What exactly did your mother do when she was visiting?


----------



## shazam123 (Apr 17, 2011)

its really hard to explain but she was very withdrawn with my inlaws and my wife and she complained alot. my wife and me were arguing about her and i was so stressed as my wife did not wanna talk to my my and my mum like wise. then my mum sat us down and said to my wife that she isnot happy with the way she is treating me and my step son. That really pissed my wife off and i was also not happy about what my mum said she should not have interfered. also my mum and me were arguing as there is alot of history between us and i was trying to solve it but she did not wanna know. I now so stressed and i feel lifeless my wife is angry alot and hardley talks to me its been over a year since all this happened. I just want to be happy with her and for her to stop digging at me everyday about my mum and my family. I am th only one working and i cant even concentrate on my job. I feel awful inside and not good about myself or anything. sometimes i even feel like i dont wanna live. If she could just forgive and move on it would be so much better for us.
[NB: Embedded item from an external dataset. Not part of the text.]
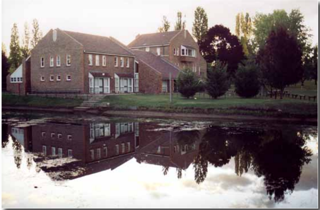
Croft House, is one of the Boarding Houses at TAS

I dont know what she expects me to do but i think she wants me to have nothing to do with my mum and family. I dont want this to happen. I wish i could change things and make it all better. im a good man and i love my family, and all this is really starting to affect all of us. i feel like im the bad one in all this , like she makes me feel everything is my fault. she said to me yesterday "your family have no respect for me, they dont know how much i changed your life" I mean its like she is taking credit for many things like my work and how i have changed as a person. If im wrong i dont know but she should not do that, we are married and supposed to stick by eachother. She always points the finger at me when something goes wrong she even telling me in subtle ways that the situation with my mum will be the end of us one day. How am i supposed to feel? My step son is feeling all of this and of course will stick by his mother. sometimes he looks at me im not sure with concern or anger. My wife talks to her mum about my mother and she talks to her brother and others. Im a only child and have no one to talk to at all and as it seems like i am bad one in all this i really dont know what to do anymore. im at my wits end.


----------



## ShuttleDIK (Oct 18, 2010)

For the love of all that is webby - PARAGRAPHS! lol.

I've got some serious Mother-Wife issues going on now. These are pretty common issues. And everyone has a valid point on some level, including you!

You're definitely going to have to do some manning up on both sides of the argument. For myself I found it easier to do with my family first and then dealth with my relationship second. I've come out roses (for now) on either side.

The key for me was representing what was correct in either side's argument to the other side, then alternately sympathizing with them about their position. Check that - that's how I dealt with my family. With my wife I sympathized first, represented her in-laws' right position, and sympathized again... oy vey.

I found it imperative that I tabled my own emotional reaction. I allowed myself to feel, but did not amplify that feeling 'till I became a member of a goth band or a howling berzerker. 

You cannot write off a loving family and you won't have to. You will acknowledge their shortcomings and extoll their virtues. Your stepson probably needs to see you do this, too. But your wife needs to know you're there for her above all others, too.

Tough line to walk, huh? Ain't marriage grand?


----------



## Runs like Dog (Feb 25, 2011)

There's three people involved in all of this, not two. I can appreciate the Greek drama slash Freudian mother issues that lurk under the surface. I have them too. But you have to deal with this as a TRIO.


----------